Attendees at the meeting included representatives from all eight Arctic Council Member States, two indigenous Permanent Participant organizations (the Saami Council and the Inuit Circumpolar Council), and seven accredited Arctic Council Observer states and organizations.
Delegates were updated on the progress of the current priority project State of the Arctic Marine Biodiversity Report (SAMBR). The Marine Steering Group of the Circumpolar Biodiversity Monitoring Program (CBMP), the cornerstone program of CAFF, is producing the SAMBR as the first major reporting product from the implementation of the CBMP’s Arctic Marine Biodiversity Monitoring Plan. Where possible, it will present baselines and trends in Arctic marine biodiversity at different trophic levels and Arctic Marine Areas that have been identified in the Arctic Marine Biodiversity Monitoring Plan.

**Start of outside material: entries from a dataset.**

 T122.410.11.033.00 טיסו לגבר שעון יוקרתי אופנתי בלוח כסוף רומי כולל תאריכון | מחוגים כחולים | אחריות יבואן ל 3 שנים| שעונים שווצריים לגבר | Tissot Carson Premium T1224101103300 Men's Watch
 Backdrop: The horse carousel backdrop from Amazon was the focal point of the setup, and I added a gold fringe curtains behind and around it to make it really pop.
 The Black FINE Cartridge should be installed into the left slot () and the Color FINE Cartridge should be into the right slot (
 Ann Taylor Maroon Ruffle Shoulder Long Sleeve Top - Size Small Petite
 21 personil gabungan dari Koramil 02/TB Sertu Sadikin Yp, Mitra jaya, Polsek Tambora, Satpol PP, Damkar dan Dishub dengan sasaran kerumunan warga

The SAMBR report is set to be a major CAFF deliverable for the spring 2017 Arctic Council Ministerial Meeting in Fairbanks.

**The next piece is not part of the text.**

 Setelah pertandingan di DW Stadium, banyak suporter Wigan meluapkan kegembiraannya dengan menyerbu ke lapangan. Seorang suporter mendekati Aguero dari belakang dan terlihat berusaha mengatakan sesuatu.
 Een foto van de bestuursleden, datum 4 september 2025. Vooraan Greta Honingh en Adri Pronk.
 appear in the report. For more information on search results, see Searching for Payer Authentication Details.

In addition, options to follow-up on the Arctic Migratory Birds Initiative (AMBI) were considered and the Observer delegate for South Korea presented a recent translation of the AMBI Work Plan 2015-2019 into Korean (to be published on CAFF’s publications page shortly).
The popular CAFF Educational Toolkits for schoolchildren and teachers on Life Linked to Tundra, Life Linked to Spring, and Life Linked to Ponds have now been translated into French, Inuktitut, and Russian, with more translations in progress and a potential expansion of the educational effort was discussed.
After the meeting ended, delegates were invited to a “Lavvu dialogue” hosted by the Association of World Reindeer Herders (AWRH), an Arctic Council Observer organization. Participants were invited into a traditional Saami-style tent called a lavvu and had the opportunity to learn from several local reindeer herders about their traditions and livelihoods. While everyone tasted specialty dishes made of reindeer meat, the reindeer herders expressed both their hopes and their concerns for the future in a changing Arctic.